But none of us can be mid-century modern departments or disciplines.
We have been approaching this moment when the hybrids powering disciplines would become visible and their operation would shift. I make this argument in my last book in greater detail, but here it is in a nutshell. The whole write a proto-monograph dissertation, deliver conference papers via air travel, publish printed journal articles, and turn your dissertation into a published monograph for your tenure dossier thing: you know that thing? If you are a scholar of a certain era, like me, you might resemble that remark. From it extends everything down to the five-paragraph theme. They are all part of a mid-century American mediascape.
Of course they are. They had longer histories but these genres crystallized significantly during this period. 60-70 years later we are still producing the same basic artifacts for the same purposes except that we now email the documents. I remember helping colleagues open email attachments, so the “going digital” of sharing electronic files happened during my career. If journal articles feel like three-camera sitcoms with the laugh tracks missing, there’s a reason. They are akin to watching old comedy shows where it becomes hard to imagine how those jokes actually landed back then. Did we seek to reinvent them? Yes. There is Kairos and others. But how far did that spread?
There were a couple key points to how the system worked though (and yes past tense). First is the obvious individual expertise it takes took to produce one, as well as the signifiant labor it required. After all, it wasn’t like those books wrote themselves… sigh. Second is the material limits on publication. Meeting some basic standard of intellectual merit was not sufficient, we also had to beat out our colleagues for limited page space. In this way, peer review became proxy for tenure.

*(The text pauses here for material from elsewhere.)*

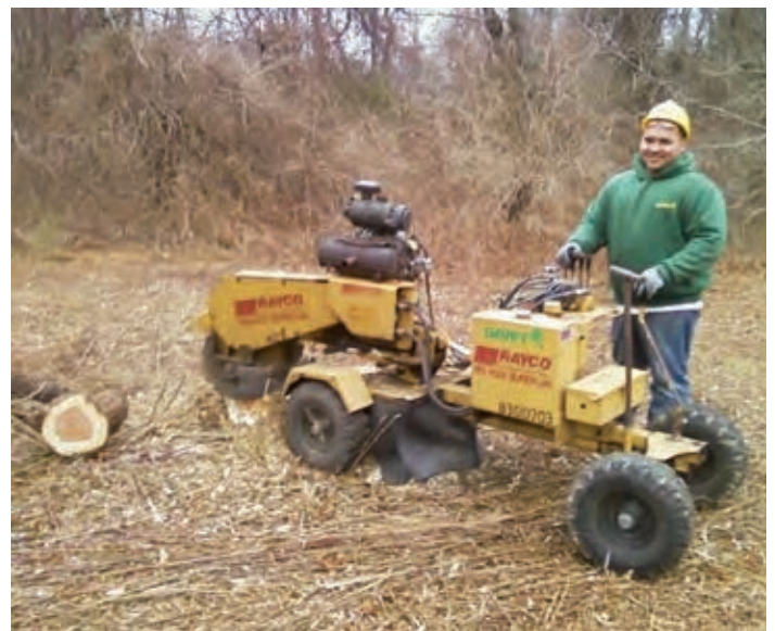
Rudy of Davey Trees assist with stump grinding at Iselin Preserve

May this be the beginning of many such efforts where non-profits and community members work together to protect and preserve our vital natural areas.

This all went oddly pear-shaped with the internet. And now? The mechanisms don’t really exist. We could create detection services to alter the media ecology and make the use of AI less palatable. But why exactly would we be doing that?

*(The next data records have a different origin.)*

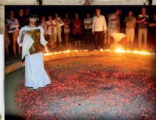
Nestinar – ancient fire ritual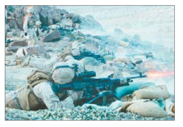
Marines with 1st Battalion 8th Marine Regiment provide suppression from Machine gun hill on range range 410 Oct. 29.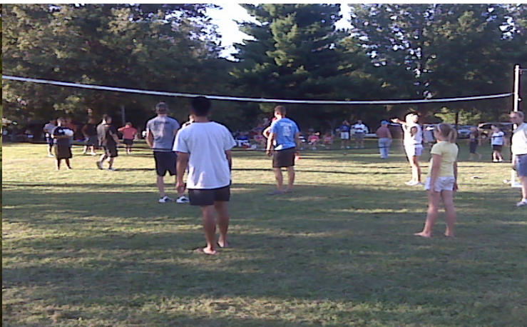
This is the pro volleyball team. Pretty sharp huh!!!!

So critical negotiation as a disciplinary community. I have suggested pursuing an alternative to creative-anachronistic re-enactments of mid-century American disciplinarity. Not because those won’t be interesting. But a lot of people will be doing those. And not because I think I have such a great idea! I’m enough of a techno-pessimist to view disciplines as accidents that can’t wait to happen.
So which are the more interesting and survivable accidents? Which are the ones that will teach me a lesson without teaching me a lesson?